Task requirements: Using the data below, output a verbatim copy of the lines between the one holding "radar, fronts, GNOME." and the one holding "Мы осуждаем государство-убийцу", inclusive, without any pictures.

Input:
BEGIN

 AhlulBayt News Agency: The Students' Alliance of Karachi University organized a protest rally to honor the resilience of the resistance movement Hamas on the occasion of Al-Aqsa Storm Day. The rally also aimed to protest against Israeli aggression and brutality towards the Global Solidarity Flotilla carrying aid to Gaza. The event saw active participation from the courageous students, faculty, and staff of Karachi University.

END
BEGIN

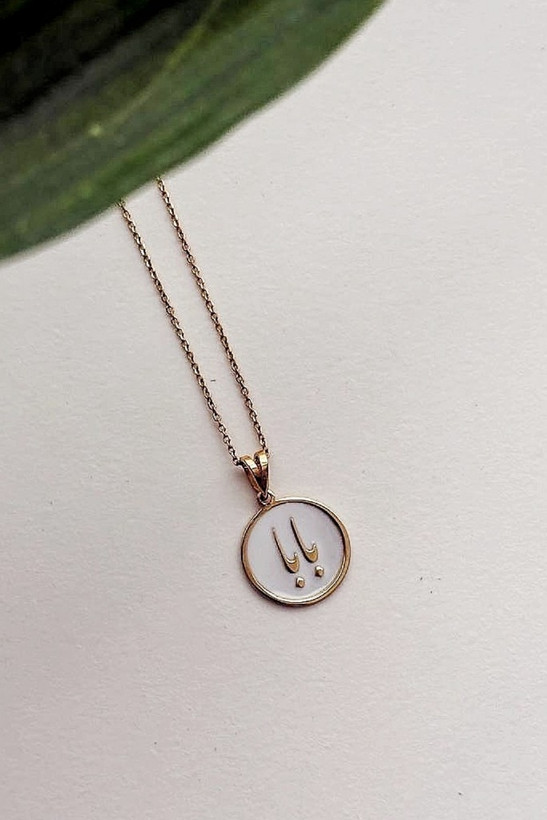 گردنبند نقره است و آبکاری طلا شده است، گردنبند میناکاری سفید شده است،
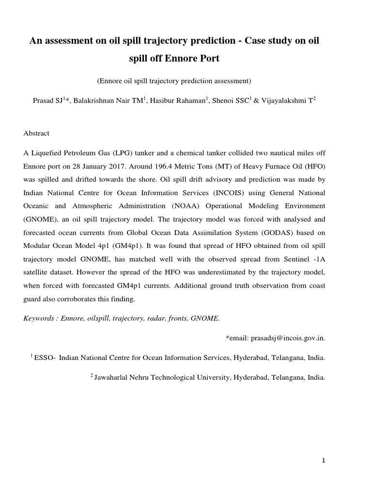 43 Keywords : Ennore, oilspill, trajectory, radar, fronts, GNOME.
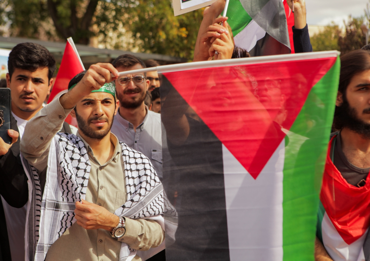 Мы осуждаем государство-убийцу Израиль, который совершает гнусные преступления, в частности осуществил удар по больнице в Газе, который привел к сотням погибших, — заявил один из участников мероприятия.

END

Response to this exercise:
 43 Keywords : Ennore, oilspill, trajectory, radar, fronts, GNOME.
 Мы осуждаем государство-убийцу Израиль, который совершает гнусные преступления, в частности осуществил удар по больнице в Газе, который привел к сотням погибших, — заявил один из участников мероприятия.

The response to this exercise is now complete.